16/06/2010 à 19h37

France 1966 - France 2010 : toute ressemblance...

Hubert Artus | Rue89

1966 : la Coupe du monde a lieu en Angleterre. La France est dans la même poule que l’Uruguay, le Mexique et le pays organisateur. Quelque temps auparavant, en 1958, la génération Kopa avait fait rêver le monde.

2010 : la Coupe du monde a lieu en Afrique du Sud. En poules, la France est avec l’Uruguay, le Mexique, et le pays organisateur. Quelque temps auparavant, la génération Zidane a triomphé. Un air de ressemblance : cela mérite qu’on s’y penche.

En 1950, les Anglais ont participé pour la première fois à la Coupe du monde. En 1966, ils l’organisent. Sur l’île britannique, on se sent enfin reconnu car on se sait l’inventeur de ce sport.

Durant tout cette Coupe du monde, jusqu’au -toujours- controversé « but de la 100e minute » anglais durant les prolongations de la finale contre la RFA, la suspicion demeurera : les arbitres favorisent l’équipe anglaise, la « bande à Charlton “.

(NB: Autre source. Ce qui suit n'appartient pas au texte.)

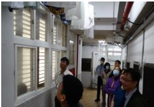
查看學生衣物晾塞及通風情形
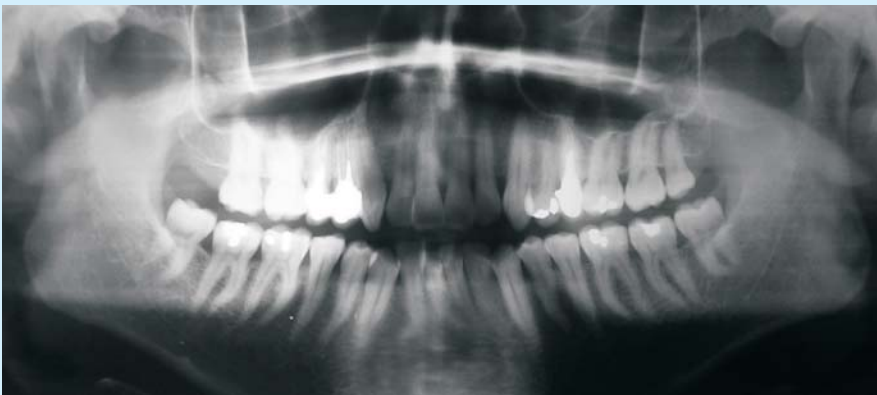
Figura 2. Ortopantomografía del individuo problema para poner de manifiesto las restauraciones a emular en el material cadavérico.
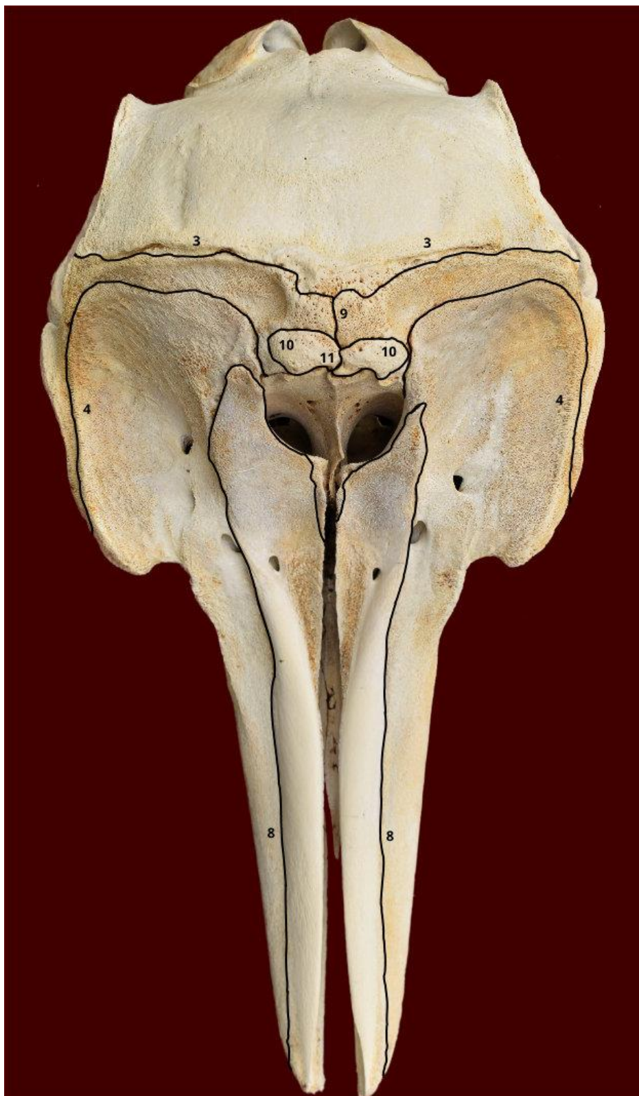
Slika 2. Lubanja dobrog dupina iz Jadranskog mora - norma dorsalis. Označeni su sljedeći šavovi: sutura coronalis (3), sutura frontomaxillaris (4), sutura maxilloincisiva (8), sutura interfrontalis (9), sutura frontonasalis (10) i sutura internasalis (11).
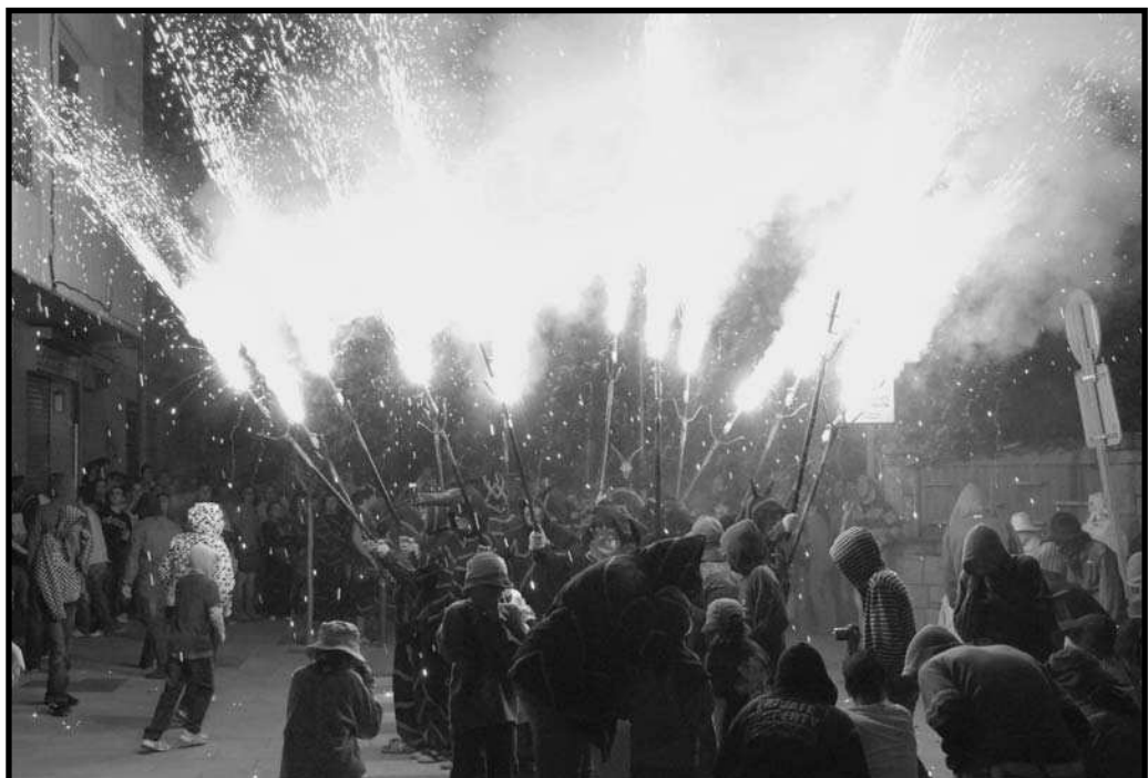
Encesa amb sortidors.

L'any 1994 és de ben segur molt important, no cau en cap celebració especial, però neix un nou element: el drac, obra de Ramon
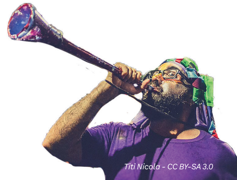
Titi Nicola - CC BY-SA 3.0
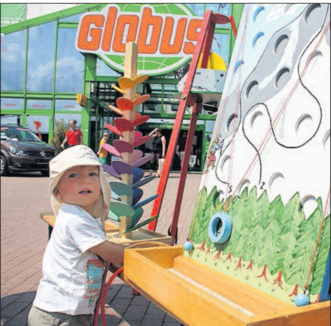
Das Kinder- und Familien-Sommerfest beim Globusmarkt in Zwickau verspricht Spaß, Spiel und Spannung.

Nachwuchsreporter und -fußballmannschaften gesucht
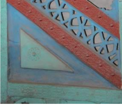
Fotoğraf 19: Minber aynası ve korkuluğu
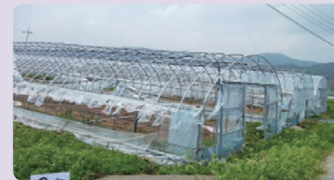
[비닐 사전 제거 하우스]
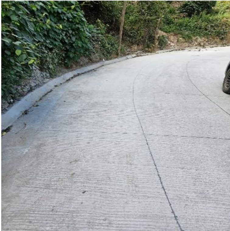
MEJORAMIENTO CAMINO RURAL SECTOR EL CIRUELILLO HACIA ALDEA LOS AMATES, EL CHOL, BAJA VERAPAZ, SNIP 330215. AVANCE FISICO 100.00%
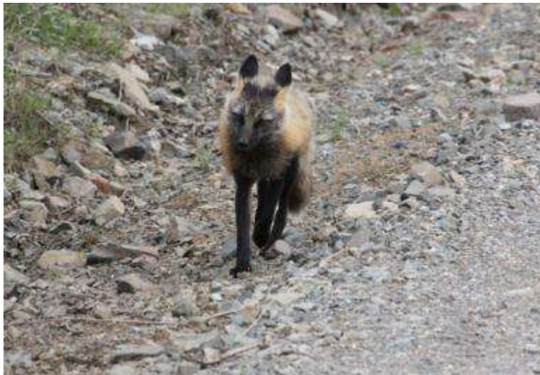
Alaska - Denali - Nationalpark
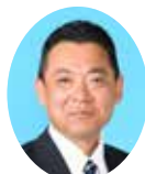
委員 ひだか ひろゆき 日高 博之 宮崎県議会自由民主党 日向市選出
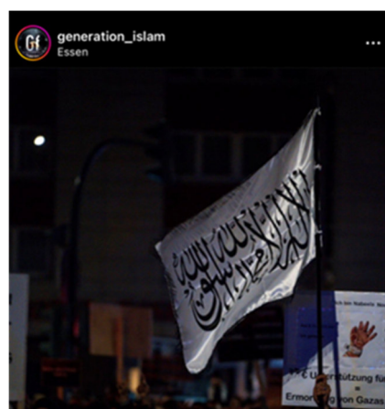
Abbildung 5: Screenshot der Postings (Bilder aus der Demo in Essen am 03.11.2023, Schahada-Flagge) der Gruppe GI auf Instagram
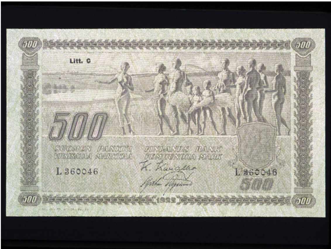
500 markkaa, etusivu.
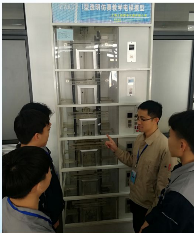
电梯程序编程与调试
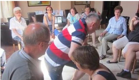
végül az eredmény egyik csapatnál sem maradt el, mert...
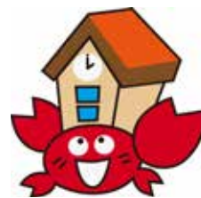
本校オリジナルキャラクター 「とんがりやどかりちゃん」
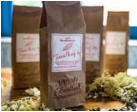
Eibenthal: bylinkové čaje
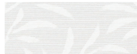
ウォッシュابل / ウェーブロン® / 遮像
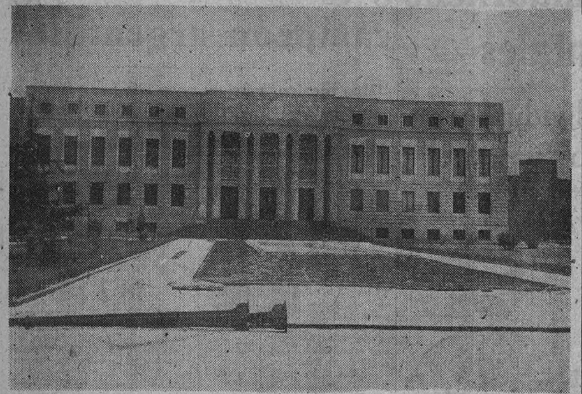
Los nuevos edificios del Consejo Superior de Investigaciones Científicas se vieron ayer cubiertos de nieve por primera vez en este invierno.

NUMEROSOS PUEBLOS DE ALBACETE SE HALLAN INCOMUNICADOS POR LA NIEVE
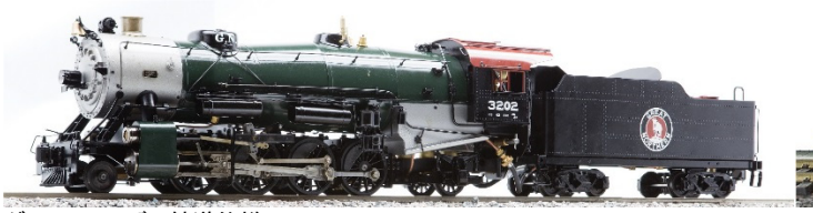
グレートノーザン鉄道仕様
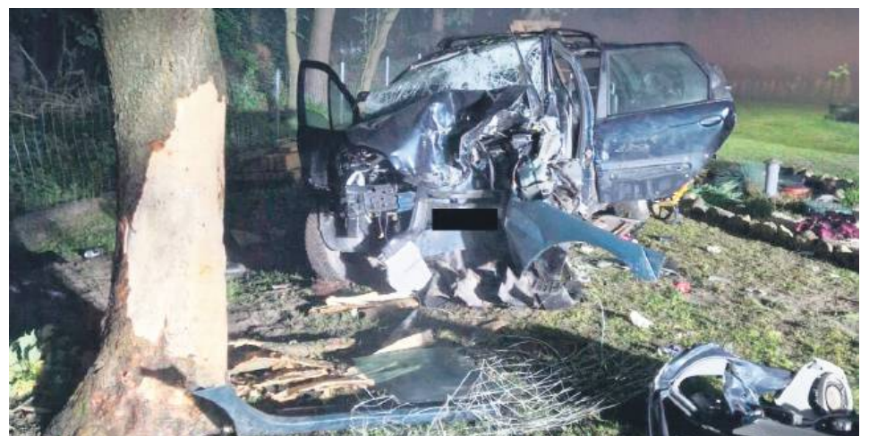
Tym samochodem kierowała pijana 22-latką bez prawa jazdy.

Ze wstępnych ustaleń policjantów pracujących na miejscu zdarzenia wynika, że kierująca samochodem osobowym marki
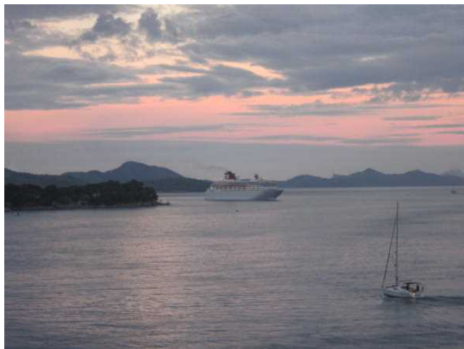
早朝のアドリア海

10月13日の朝を迎えました。東の空は朝焼けです。クロアチアに近づくと斜張橋が姿を現します。間もなくドブロヴニクに寄港します。
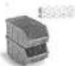
Caixa Plástica Número 3
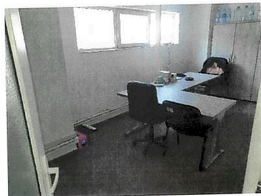
Interior zona birouri parter Fabrica C2
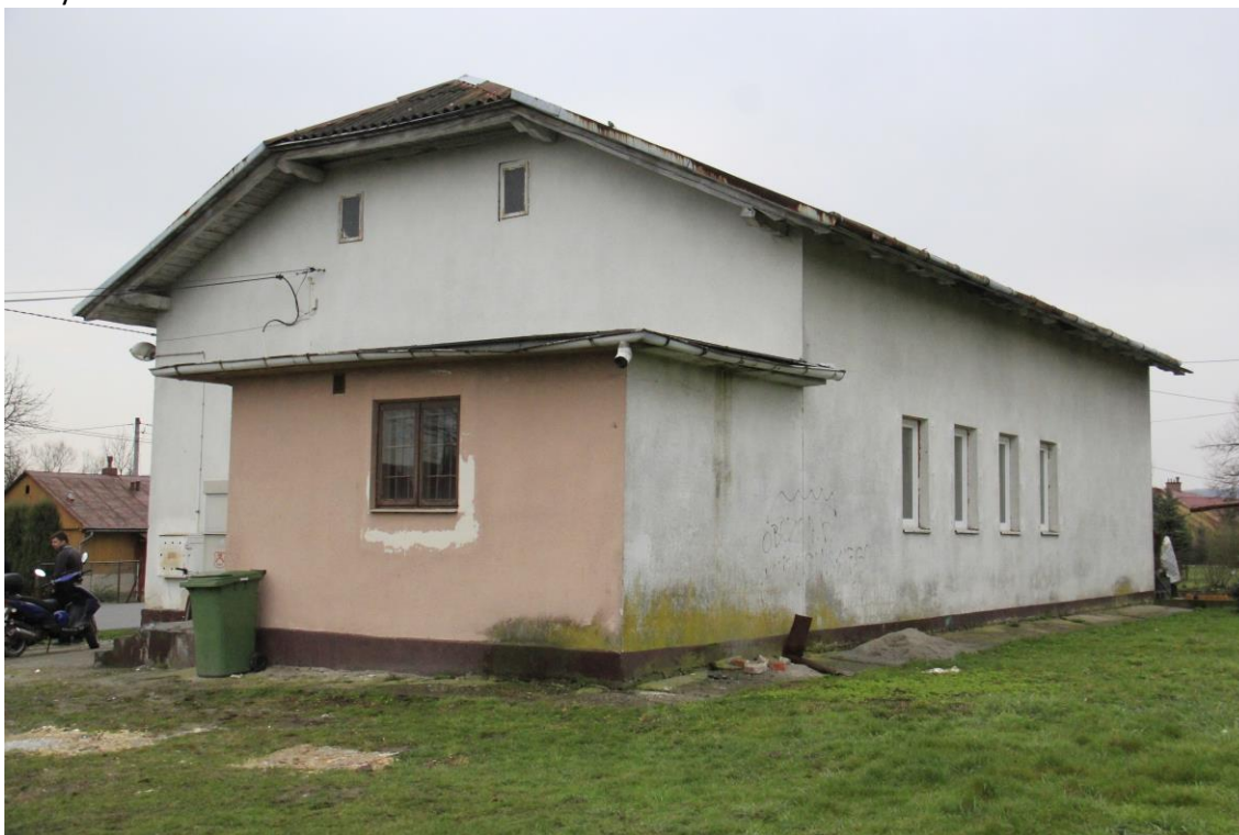
Dom Ludowy w Kosienicach
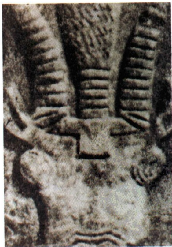
萨巴王国时期的 大理石雕
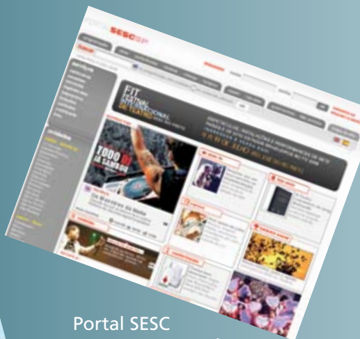
Portal SESC www.secsp.org.br
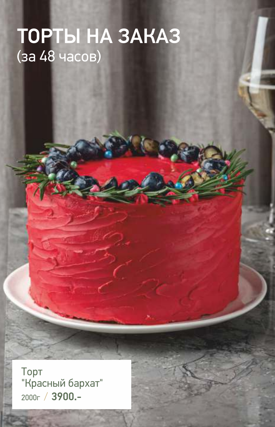
Торт "Красный бархат" 2000г / 3900.-
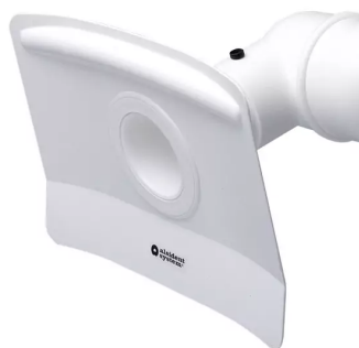
ALSIDENT Absaughaube flach, NW 100, 420 x 280 mm Artikel-Nr.: 1100422875
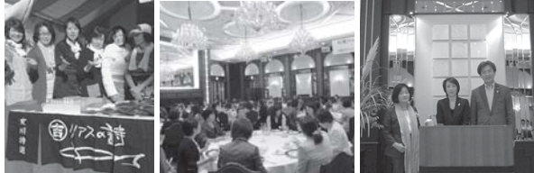
女性後援会「サロン・ド・リーフ」で参議院議員特別講演(左)を控えて～自身

【写真右】サロン・ド・リーフでは震災で工場がすべて流された女川のマルキチ阿部商店さんの復興支援のお手伝いをいたしました。
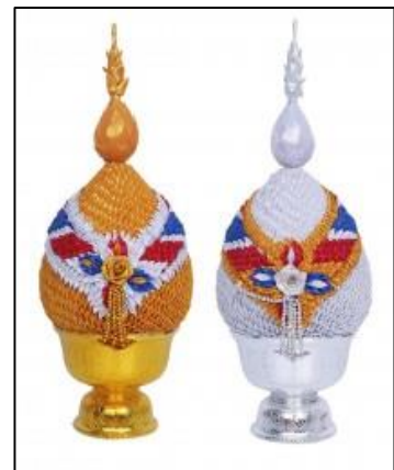
ค) พานพุ่มเงิน-พุ่มทอง
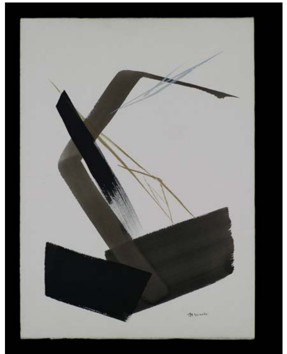
5 「Memory 回想」 墨、金泥、銀泥、紙 1996年 76.5x55.5cm
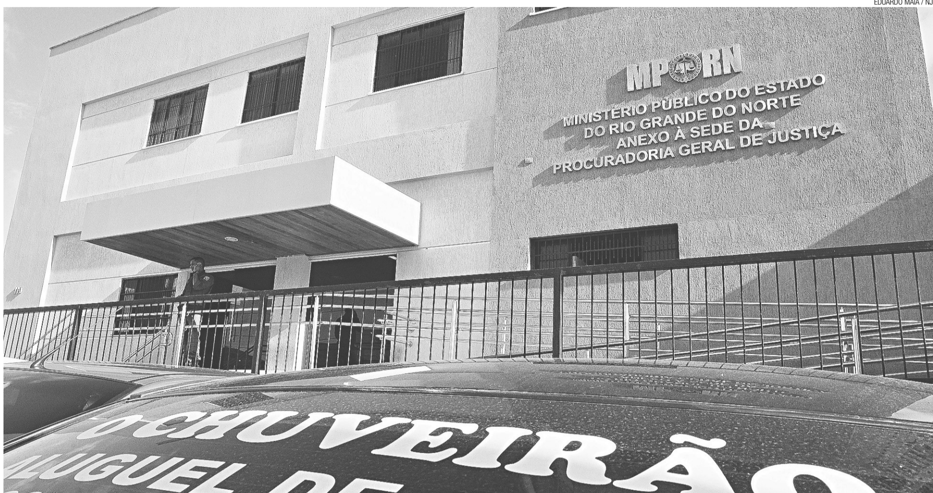
► De dezembro para abril, somente com auxílio-alimentação retroativo, Ministério Público já recebeu um total de R$ 10,9 milhões

O pagamento retroativo foi autorizado por resolução do Conselho Nacional de Justiça (CNJ). E por conta da norma que estabelece a isonomia entre as carreiras da magistratura e do Ministério Público, o pagamento foi destinado ao Tribunal e ao Ministério. A resolução autorizativa chegou a
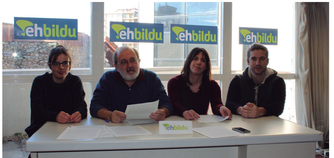
Agerraldia egin zuen EH Bilduko zinegotziek ostegunean, azkeneko udal erabakiak baloratzeko.

"Pribatizazio hori bertan behera uztea izan zen pasaden legealdian hartu genuen lehen erabakietako bat. Konstruktoreak epaitegietara jo zuen konpentsazio baten eske eta, galdu arren, prozedura asko luzatu zen. Ez genuen asmatu arrazoia herritarrei ongi azaltzen beharbada, baina pozik gaude erabakiarekin, garaje horiek herritarren ondasun izaten jarraituko dutelako", aipatu zuen.
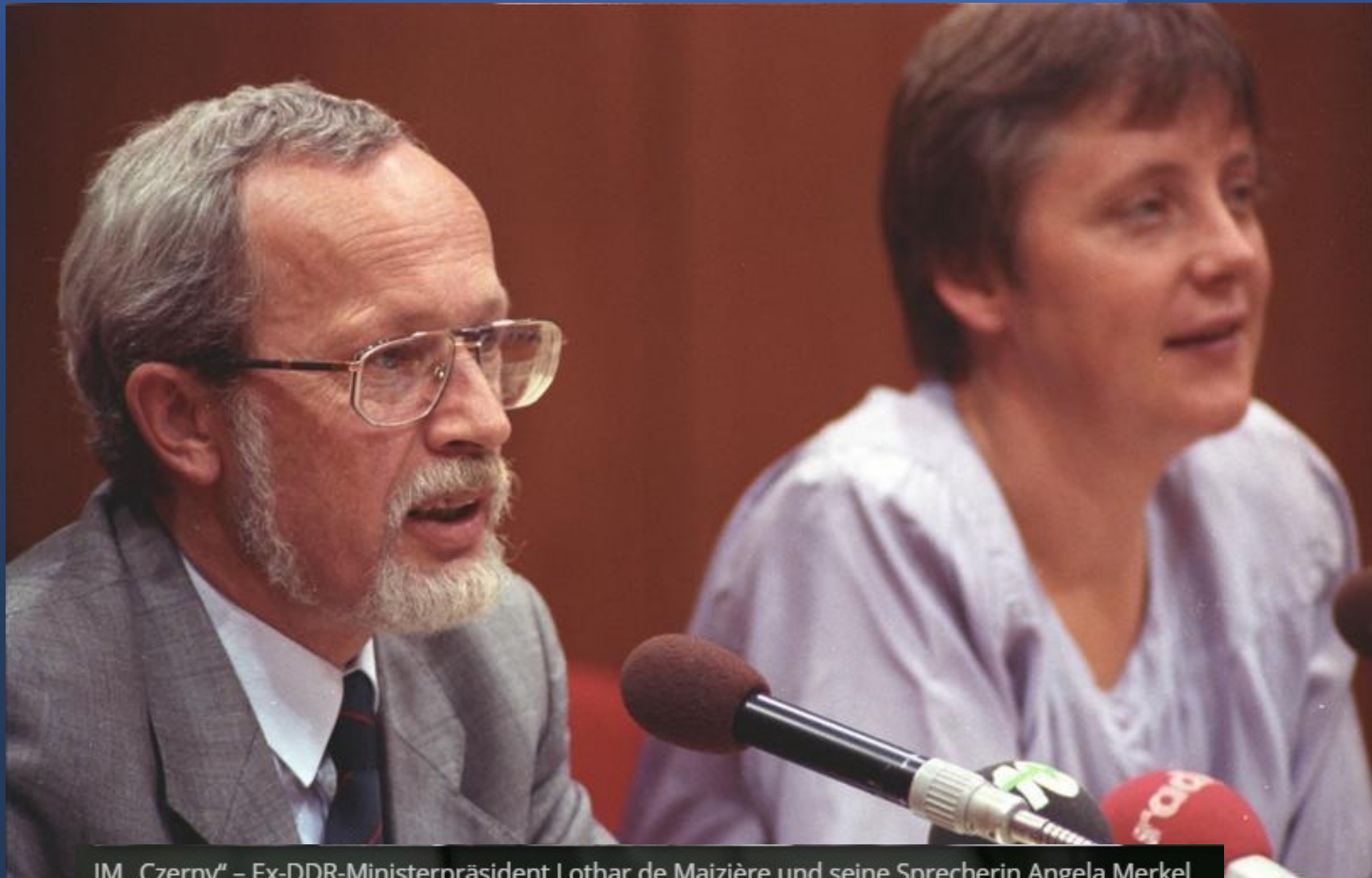
IM „Czerny“ – Ex-DDR-Ministerpräsident Lothar de Maizière und seine Sprecherin Angela Merkel
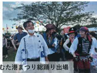
第61回おおむた港まつり総踊り出場
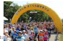
「さくらんぼマラソン大会」(R5.6.4)

【実施主体】 東根市、全国花笠マラソン大会運営委員会、大石田まつりを10倍楽しくする会
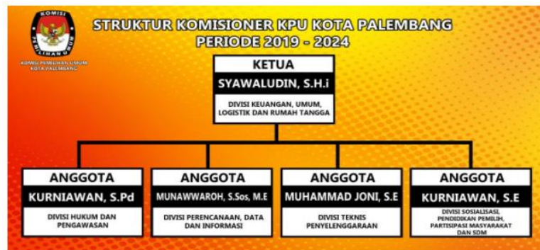
Gambar 2.3 Struktur Komisioner KPU Kota Paembang Periode 2019 – 2024

Secara lebih sederhana, struktur komisioner KPU Kota Palembang dapat dilihat pada gambar 2.3.
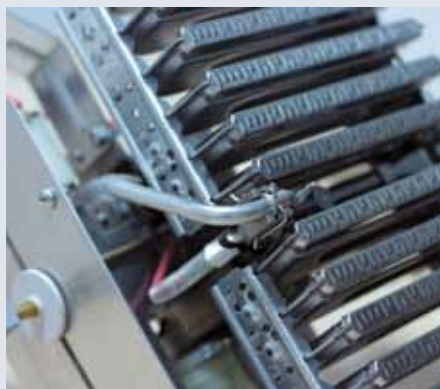
Розжиг от запальника

Cette Coupe du monde restera comme l’une des plus violentes de l’Histoire avec celle de 1962 au Chili : la mission des adversaires du Brésil est, coûte que coûte, de casser Pelé, ce qui sera fait par les Bulgares. Et à la fin, ce n’est pasle capitaine de l’équipe d’Allemagne. C’est Bobby Moore, le capitaine anglais, qui souleva la Coupe le samedi 30 juillet.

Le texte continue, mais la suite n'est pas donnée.